▸ **PROBLEM REQUIREMENTS**:
Only one span of the listing below should come back. It runs from the line with "Private cul-de-sac setting, three" through the line with "Säljer en svart", and each of its lines must be reproduced exactly.
** SUPPLIED DATA follows **
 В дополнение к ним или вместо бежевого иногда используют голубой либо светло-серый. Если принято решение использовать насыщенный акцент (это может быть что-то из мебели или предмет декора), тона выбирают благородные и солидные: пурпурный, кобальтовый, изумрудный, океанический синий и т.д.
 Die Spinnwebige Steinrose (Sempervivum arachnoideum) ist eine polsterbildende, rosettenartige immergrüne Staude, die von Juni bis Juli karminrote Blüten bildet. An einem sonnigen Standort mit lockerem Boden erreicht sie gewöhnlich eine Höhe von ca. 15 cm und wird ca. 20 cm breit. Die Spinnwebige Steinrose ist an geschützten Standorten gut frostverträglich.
** End of SUPPLIED DATA **
** SUPPLIED DATA follows **
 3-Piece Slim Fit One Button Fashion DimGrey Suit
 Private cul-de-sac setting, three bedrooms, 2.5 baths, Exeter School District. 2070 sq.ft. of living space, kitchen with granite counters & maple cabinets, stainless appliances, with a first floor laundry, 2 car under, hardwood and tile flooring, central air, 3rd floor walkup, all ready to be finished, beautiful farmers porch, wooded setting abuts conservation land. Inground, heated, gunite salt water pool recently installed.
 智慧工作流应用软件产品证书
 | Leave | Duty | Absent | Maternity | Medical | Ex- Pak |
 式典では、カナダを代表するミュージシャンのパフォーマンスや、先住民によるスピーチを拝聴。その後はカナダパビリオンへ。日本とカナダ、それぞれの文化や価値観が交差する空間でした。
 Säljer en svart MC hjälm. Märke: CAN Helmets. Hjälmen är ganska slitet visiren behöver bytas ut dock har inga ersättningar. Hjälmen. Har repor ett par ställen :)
** End of SUPPLIED DATA **
** SUPPLIED DATA follows **
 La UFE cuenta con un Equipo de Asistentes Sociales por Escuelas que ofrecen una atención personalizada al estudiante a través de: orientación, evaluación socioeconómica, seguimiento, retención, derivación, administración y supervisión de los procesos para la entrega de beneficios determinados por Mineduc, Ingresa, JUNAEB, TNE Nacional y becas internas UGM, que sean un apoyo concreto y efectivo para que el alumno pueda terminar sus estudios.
** End of SUPPLIED DATA **
▸ **RESPONSE**:
 Private cul-de-sac setting, three bedrooms, 2.5 baths, Exeter School District. 2070 sq.ft. of living space, kitchen with granite counters & maple cabinets, stainless appliances, with a first floor laundry, 2 car under, hardwood and tile flooring, central air, 3rd floor walkup, all ready to be finished, beautiful farmers porch, wooded setting abuts conservation land. Inground, heated, gunite salt water pool recently installed.
 智慧工作流应用软件产品证书
 | Leave | Duty | Absent | Maternity | Medical | Ex- Pak |
 式典では、カナダを代表するミュージシャンのパフォーマンスや、先住民によるスピーチを拝聴。その後はカナダパビリオンへ。日本とカナダ、それぞれの文化や価値観が交差する空間でした。
 Säljer en svart MC hjälm. Märke: CAN Helmets. Hjälmen är ganska slitet visiren behöver bytas ut dock har inga ersättningar. Hjälmen. Har repor ett par ställen :)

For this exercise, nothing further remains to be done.